The SEC has filed its redacted reply to Ripple’s opposition to its summary judgment motion.
After the parties conferred yesterday to identify the necessary redactions in the summary judgment replies, the Securities and Exchange Commission (SEC) officially filed its redacted reply to Ripple’s opposition to its summary judgment motion.
SEC Gives Reasons Why It Deserves Summary Judgment
In a 62-page court filing seen by The Crypto Basic, the SEC asserted that it is entitled to summary judgment because the defendants did not oppose the material fact that XRP sales constitute an “investment contract” offer under Section 2(a)(1) of the 1993 Securities act.
The SEC further provided three facts proving that Ripple’s XRP offering constitutes an investment contract. According to the agency, Ripple and its executives did not dispute that the blockchain company received $2 billion from investors in exchange for XRP. In addition, the defendants did not also dispute the fact establishing the “common enterprise” prong of the Howey test.
“Ripple did not separately manage funds raised from investors, but rather pooled the proceeds from sales of XRP (Ripple’s most valuable holding at all times) and, as it promised investors, used them to fund efforts to find use and value for XRP,” the SEC asserted in its summary judgment reply.

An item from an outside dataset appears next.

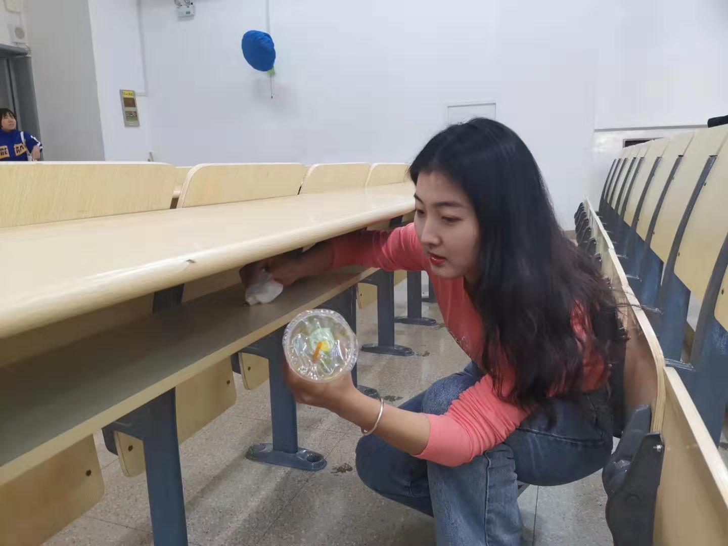 活动中,大家积极发挥不怕脏、不怕累的精神,分工合作各负其责,全力投入到卫生清扫工作中,认真细致地打扫阶梯教室中的杂物,清理卫生死角、桌膛内、垃圾桶等。同时,还有其他同学也自觉加入到整治环境的行列中,用行动为创造良好的环境卫生贡献自己的力量。通过这次集中活动,不但改善了教室环境卫生状况,还带动全体同学增强了环境保洁意识,为共同创造洁净、优美、舒适的学习生活环境贡献了自己的力量。

The agency noted that the defendants’ efforts linked XRP investors’ fortunes to each other, citing an excerpt from attorney John Deaton’s amici curiae brief, which states that a Ripple loss would harm investors.
Furthermore, the SEC argued that Ripple did not dispute another essential prong of the Howey test- “the expectation of profit from the efforts of others.”

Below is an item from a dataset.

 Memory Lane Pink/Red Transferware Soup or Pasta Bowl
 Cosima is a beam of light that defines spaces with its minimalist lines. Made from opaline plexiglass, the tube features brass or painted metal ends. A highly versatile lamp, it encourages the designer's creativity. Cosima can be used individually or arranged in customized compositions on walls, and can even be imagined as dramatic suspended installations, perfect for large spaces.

“Defendants made an avalanche of public statements indicating that they would take steps to increase XRP’s value. Partly Because of Ripple’s “giant pile” of XRP, potential and actual investors understood that Ripple was financially compelled to do just that,” the agency claimed.

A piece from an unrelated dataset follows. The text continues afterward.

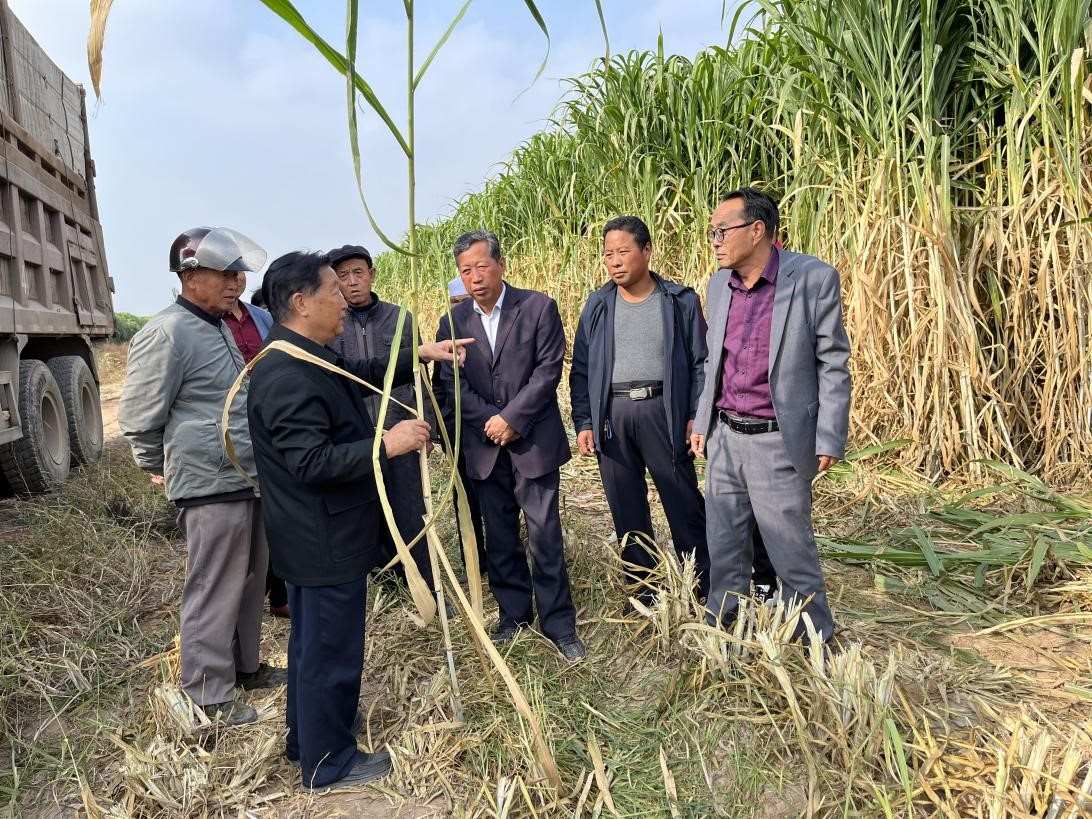 2021年10月,林占熺在寧夏石嘴山市寶豐村的豐收現(xiàn)場向老鄉(xiāng)介紹菌草。林良輝攝

Per the SEC, Ripple’s contrary argument is that many XRP investors did not consider the purchase of the crypto asset as an investment in the blockchain company. The U.S. SEC said the argument does not reflect the law, as the major question should be whether Ripple led potential investors to expect profits from the efforts of others.
“None of the defendants’ arguments to the contrary precludes summary judgment. Defendants’ primary tactic is to deflect controlling precedent with fictional tests, muddy the facts, and shift blame to the SEC,” the securities regulator said in its reply.
Ripple Files Its Summary Judgment Reply
Meanwhile, Ripple has also filed its redacted reply to the SEC’s opposition to its summary judgment motion. In the redacted reply, Ripple reiterated that its summary judgment motion should be granted because the SEC cannot prove that any XRP offer was a sale of an investment contract.
“The SEC nominally protests, claiming to have found some cases where the essential ingredients of an investment contract discussed in Howey were not present. But that claim does not hold up to scrutiny; the SECsimplymischaracterizesitscases.Ultimately, the SEC cannot point to a single case finding an investment contract without the essential ingredients identified in Howey,” Ripple noted.